Let $a$ be an element of order $n$ in a group $G$. If $a^m$ has order $n$, then $m$ and $n$ are relatively prime.

Let $a$ be an element of order $n$ in a group $G$.

If $a^m$ has order $n$, then $m$ and $n$ are relatively prime.

Assume $a^m$ has order $n$ and, $m$ and $n$ are not relatively prime. Then $m$ and $n$ have a common factor, say $q$. So, $m=m'q$ and $n=n'q$. So,

$$(a^m)^{n'}=(a^m)^\frac nq= (a^{mn})^\frac 1q= e^\frac 1q=e$$

So, $(a^m)^\frac nq=(a^m)^n=e$.

Since $a^m$ has order $n$: $e \neq (a^m)^\frac nq = (a^m)^n$. Contradiction.

Solution 1:

Your idea is good, but you can't do $g^{\frac{1}{k}}$ in groups.

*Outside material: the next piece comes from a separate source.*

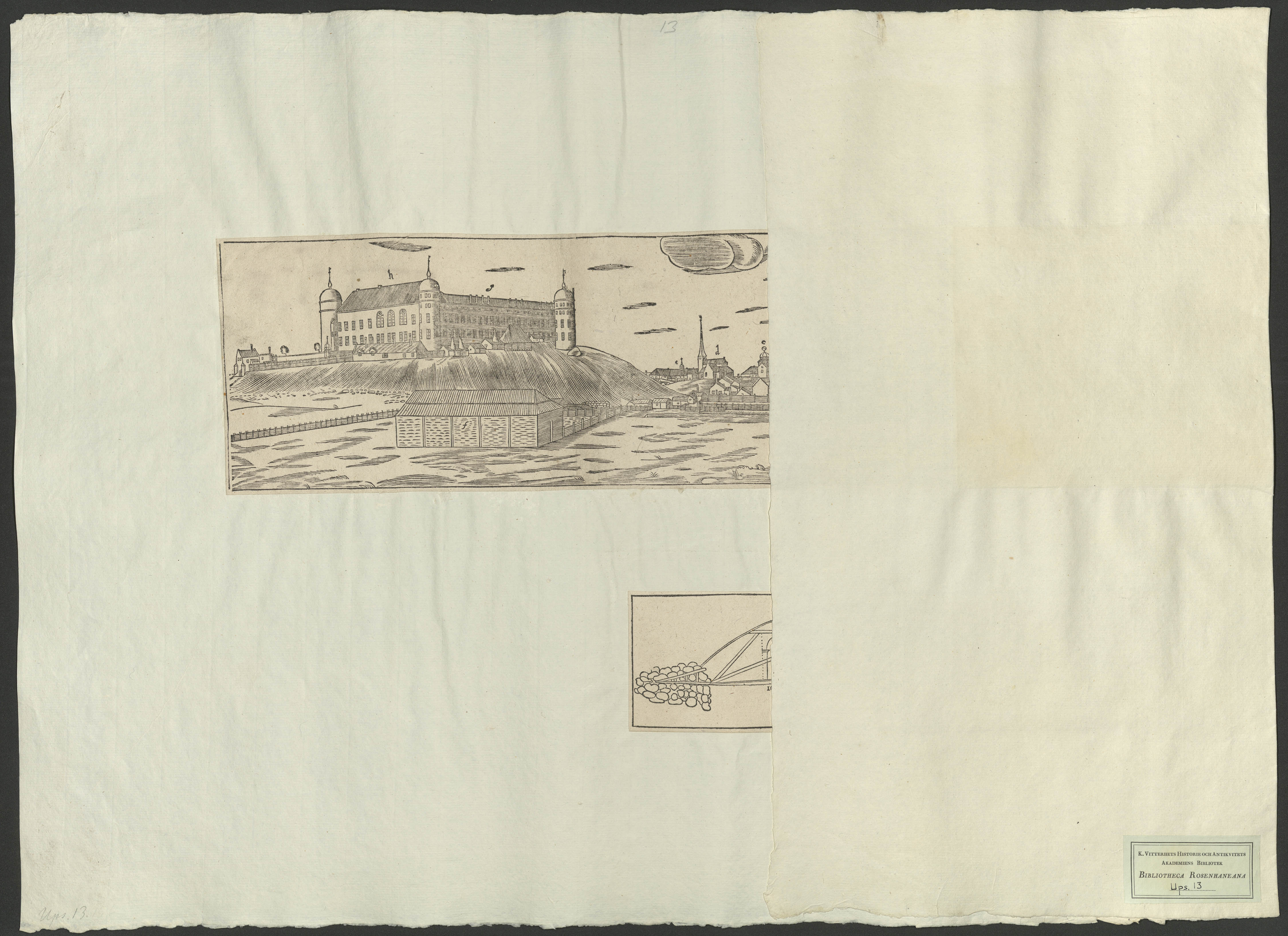 Beskrivning: 2 grafiska bl. : Panoramabild över slottet och staden samt en ritning med en tvärsektion av en bro.

Let $d=\gcd(m,n)$ and write $m=m'd$, $n=n'd$. Then $$ (a^m)^{n'}=(a^{m'd})^{n'}=a^{n'dm'}=(a^{n'd})^{m'}=(a^n)^{m'}=e^{m'}=e $$ Since $n'\le n$ and $a^m$ is assumed to have order $n$, we conclude that $n'=n$, so $d=1$.